Let $n$ and $k$ be two integers greater than or equal to 1. Establish that $$P(X_{n} = k) = \frac{k-1}{n+1} P(X_{n-1} = k-1) + \frac{n+1-k}{n+1} P(X_{n-1} = k).$$

We have an infinite supply of black and white balls. An urn initially contains one black ball and one white ball. We perform a sequence of draws according to the following protocol:

• we randomly draw a ball from the urn;
• we replace the drawn ball in the urn;
• we add to the urn a ball of the same color as the drawn ball.

We define the sequence $(X_{n})_{n \in \mathbb{N}}$ of random variables by $X_{0} = 1$ and, for all integers $n \geqslant 1$, $X_{n}$ gives the number of white balls in the urn after $n$ draws.
Identify the distribution of $X_{n}$ and give its expectation.

We consider a balanced urn with $a_{0} = 1, b_{0} = 0, a = d = 0$ and $b = c = 1$. In other words, the urn initially contains one white ball and, at each draw, we add a ball of the opposite color to the one that was drawn.
By listing all possible outcomes, give the distribution of $X_{3}$.

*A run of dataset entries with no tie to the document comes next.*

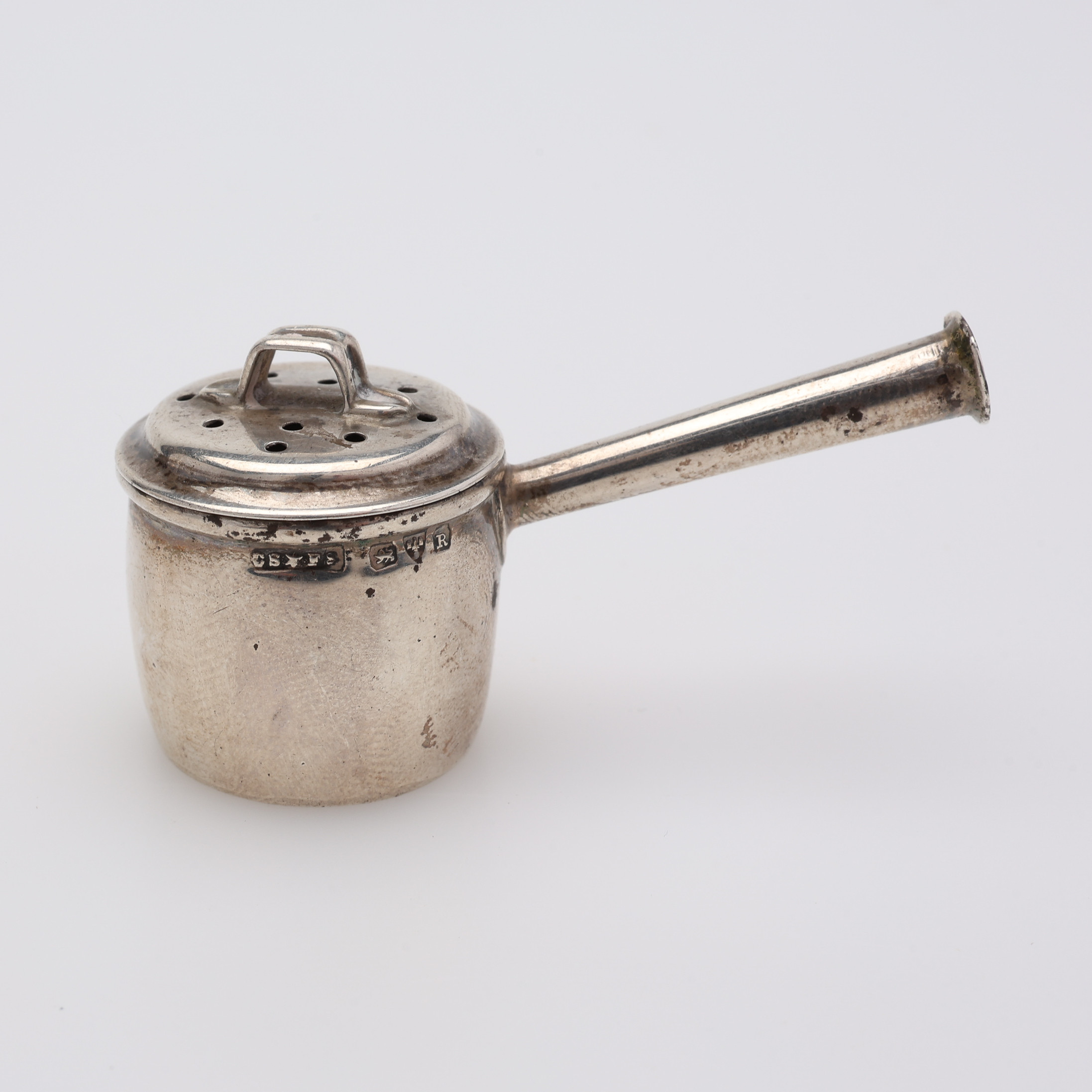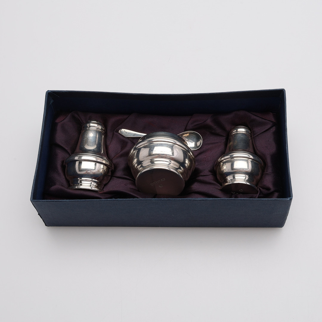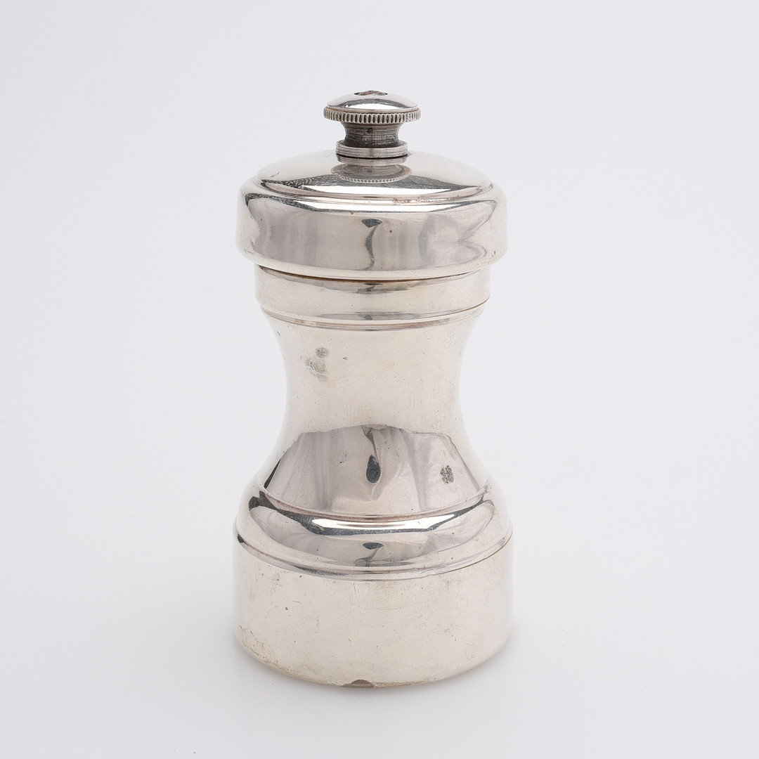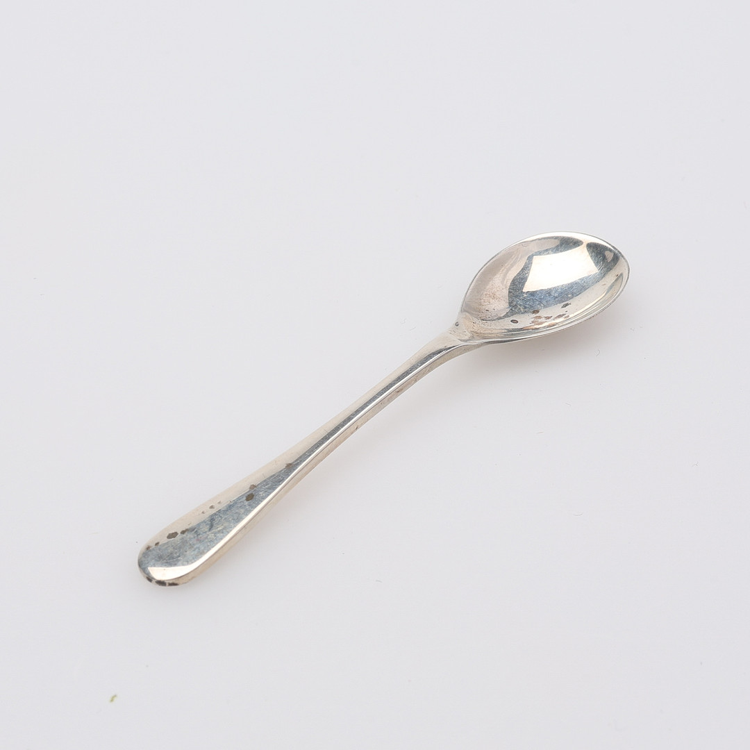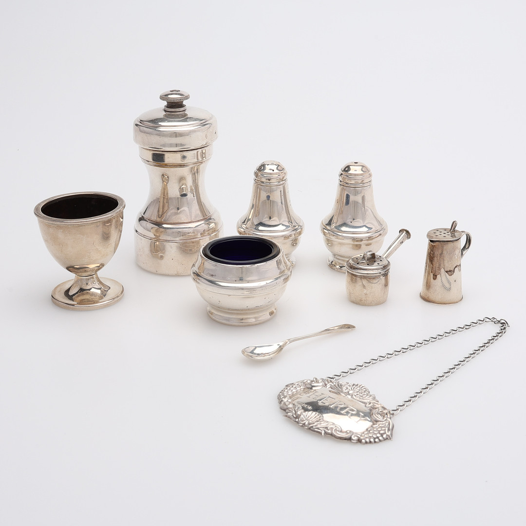 4372454. KØKKENRELATEREDE SØLVGENSTANDE, 9 STYKKER, SAMLET VÆGT Ca. 282 g.
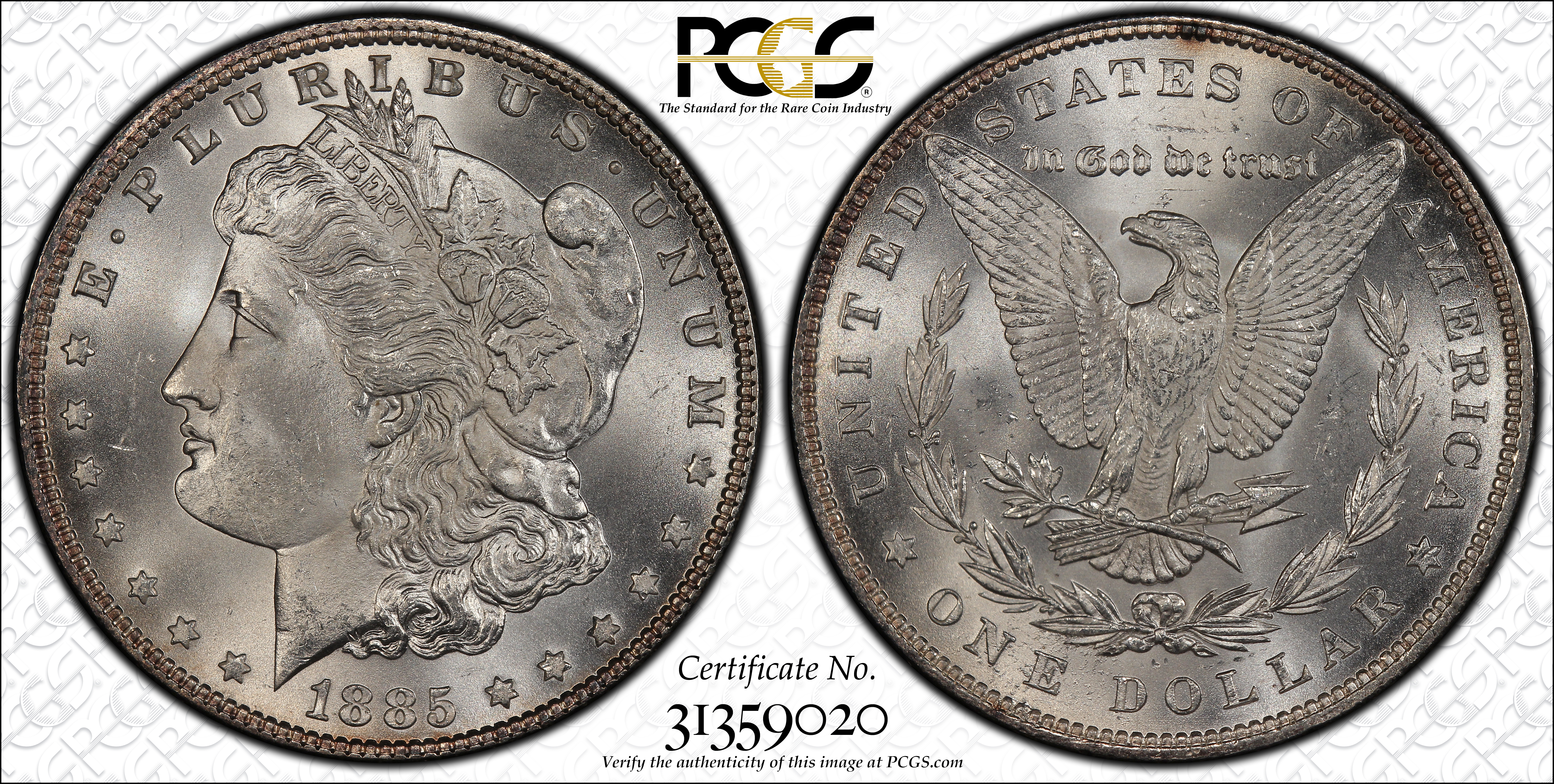 1885 $1 MS65 Certification #31359020, PCGS #7158
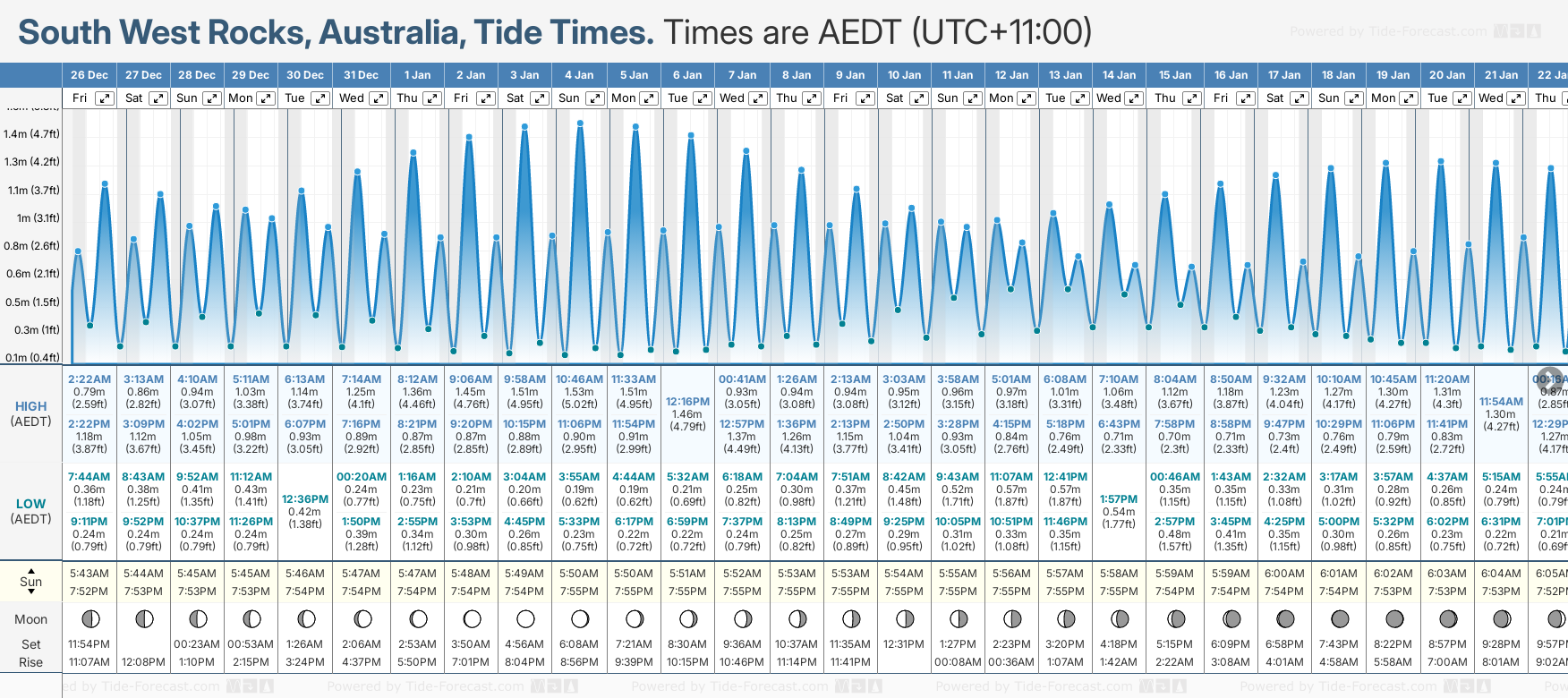 December and January Tide charts for South West Rocks: The tide charts below show the height, time and date of high and low tides for the next 30 days.
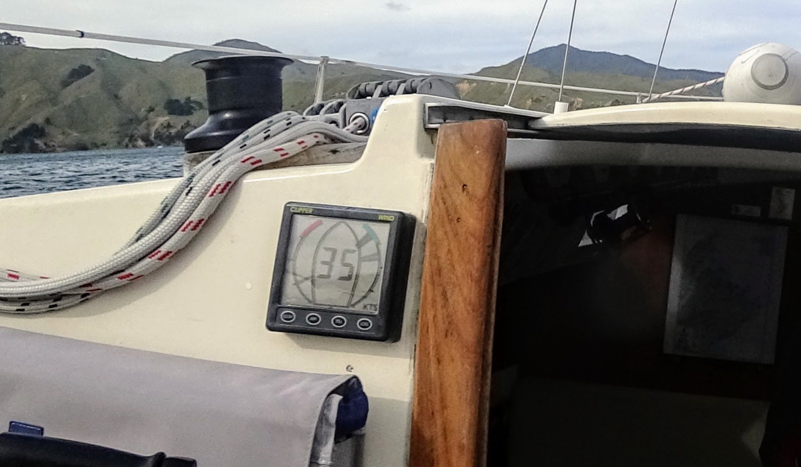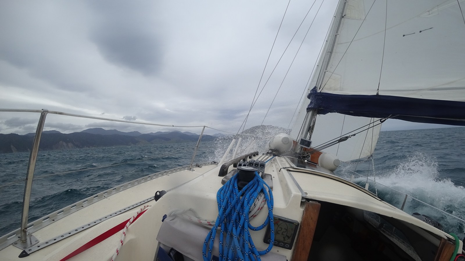 Once clear of the pass the SE wind continued and we turned off the engine and enjoyed a fast and furious sail at around 7 kts on a beam reach down the coast with the no. 3 jib and two reefs in the main. The wind was blowing 20-30 kts most of the way.
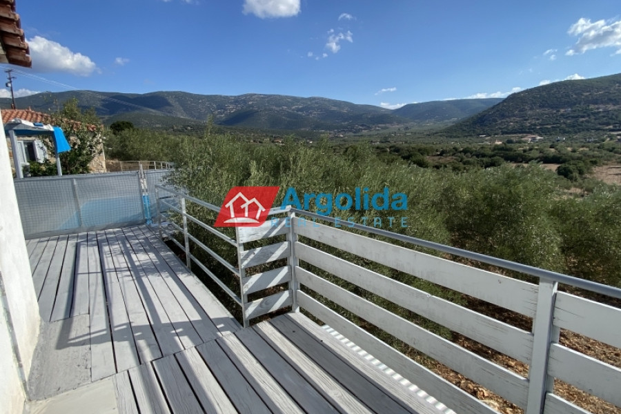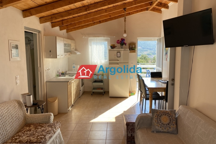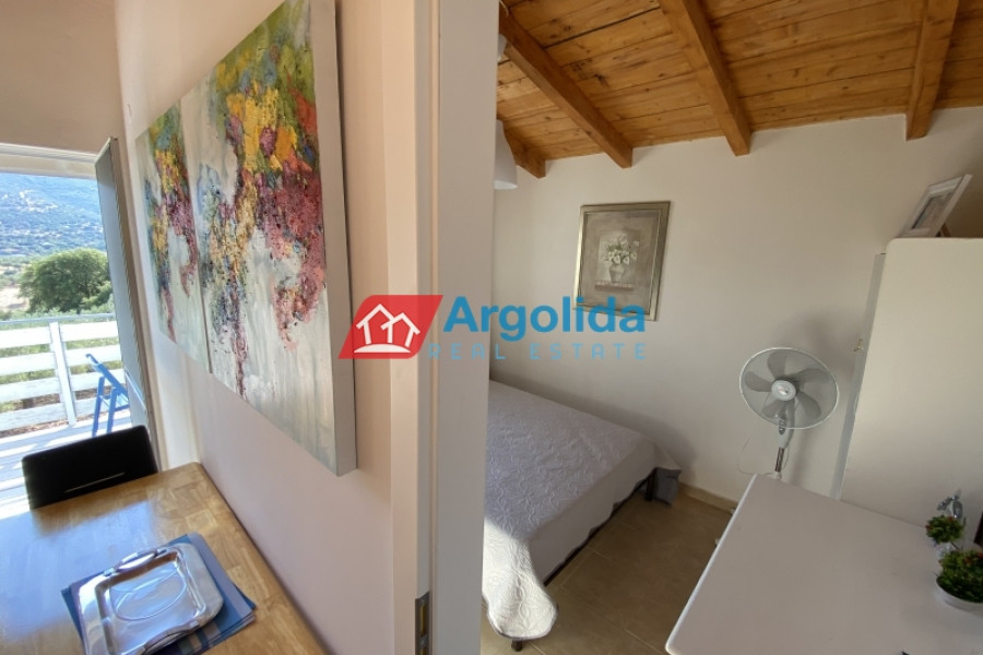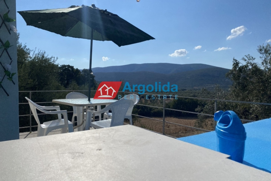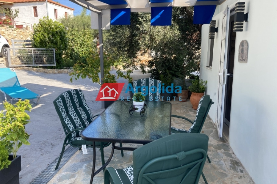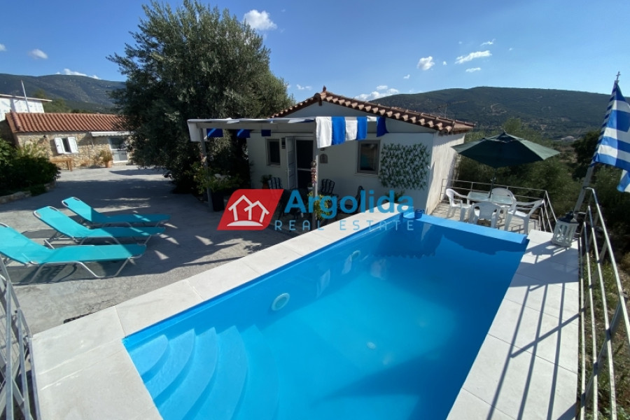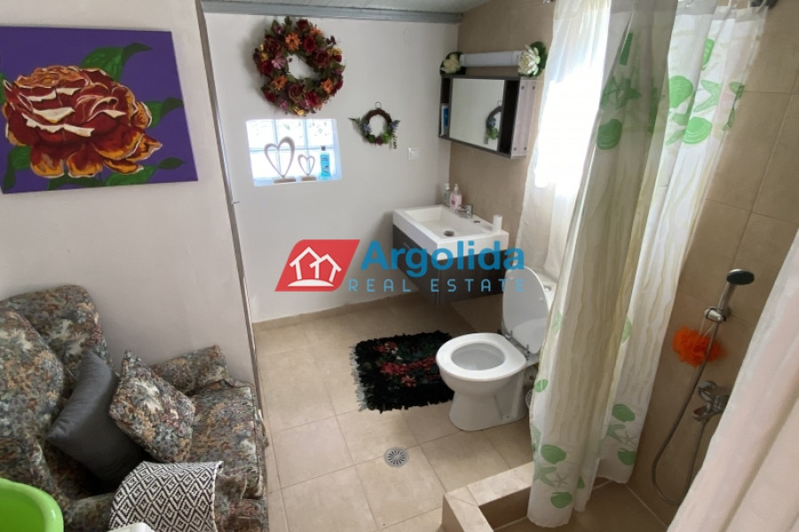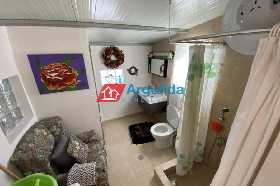 In Agrilitsa, a small rural settlement located 20 minutes from the town of Argos, a fully furnished ground-floor house of 60 sq.m. is available for rent within a 100 sq.m. plot featuring a private pool. The residence offers an open-plan living and dining area with a kitchen, two bedrooms, and one bathroom. The living room provides direct access to a veranda with beautiful views, while the outdoor space includes a lovely landscaped garden with a pool. This charming home is an ideal choice for anyone seeking a quiet, secluded, and relaxing lifestyle close to nature.
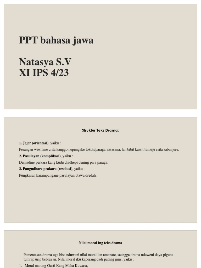 Terbaru translate bahasa jawa krama alus. Struktur teks drama tradisional, yen kapilah ing bagan, kaya ing ngisor iki. Bantuan gratis untuk tugas sekolah bantuan gratis. Naskah drama pak bayan gagal nyaleg. Kalau toh ada naskah, naskah 1tu hanya berupa kerangka cerita dan beberapa catatan yang berkaitan dengan permainan drama. Pengertian definisi drama teks drama adalah suatu teks yang menggambarkan kehidupan dan watak manusia melalui tingkah laku akting yang dipentaskan. Cerios ingkang didamel saged ngisahake kedadean nang alam ndunyo kelawan nyoto utowo rekodoyo. Definisi dan pengertian lengkap drama dalam bahasa jawa adalah cerios/kisah ingkang ngelibataken konflik utawa emosi lan didamel khusus namung kangge pertunjukan teater. Drama tradisional adalah tontonan drama yang tidak menggunakan naskah. Pengertian lengkap drama dalam bahasa jawa. Mau paham pengertian unsur unsur teks drama yuk simak. Naskah drama dalam bahasa jawa. Judul drama tradisional bahasa jawa.
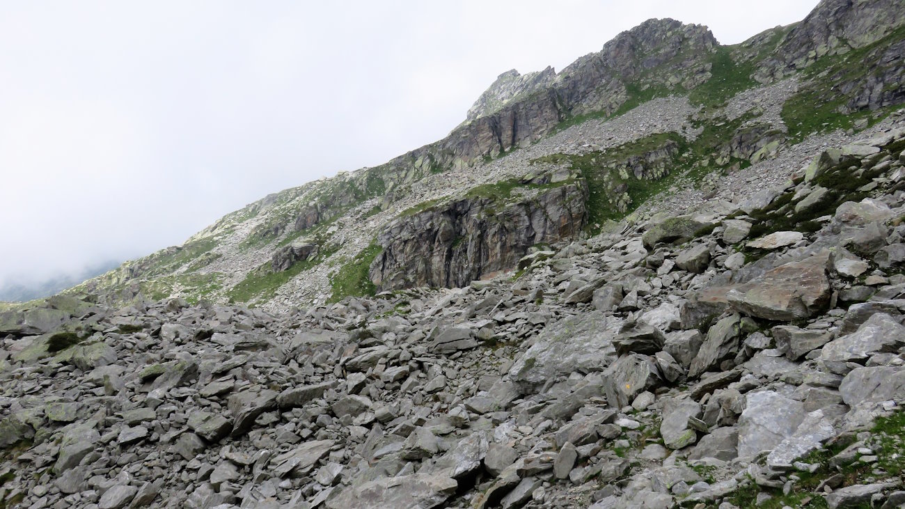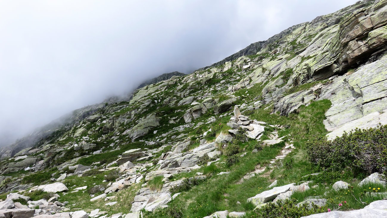 La traversata in quota fino al nuovo colle non dovrebbe richiedere più di un’oretta. Il sentiero è ben definito e piuttosto agevole, salvo alcuni punti dove devo scavalcare o aggirare grosse pietraie. I cari, fidati, ometti sono anche in questo caso un faro illuminante.

We consider a balanced urn with $a_{0} = 1, b_{0} = 0, a = d = 0$ and $b = c = 1$. In other words, the urn initially contains one white ball and, at each draw, we add a ball of the opposite color to the one that was drawn. For all real $u$ and $v$, we set $P_{0}(u,v) = u^{a_{0}} v^{b_{0}}$ and $P_{n}(u,v) = \sum_{\omega \in \Omega_{n}} u^{b(\omega)} v^{n(\omega)}$.
Verify that $P_{3}(u,v) = uv^{3} + 4u^{2}v^{2} + u^{3}v$.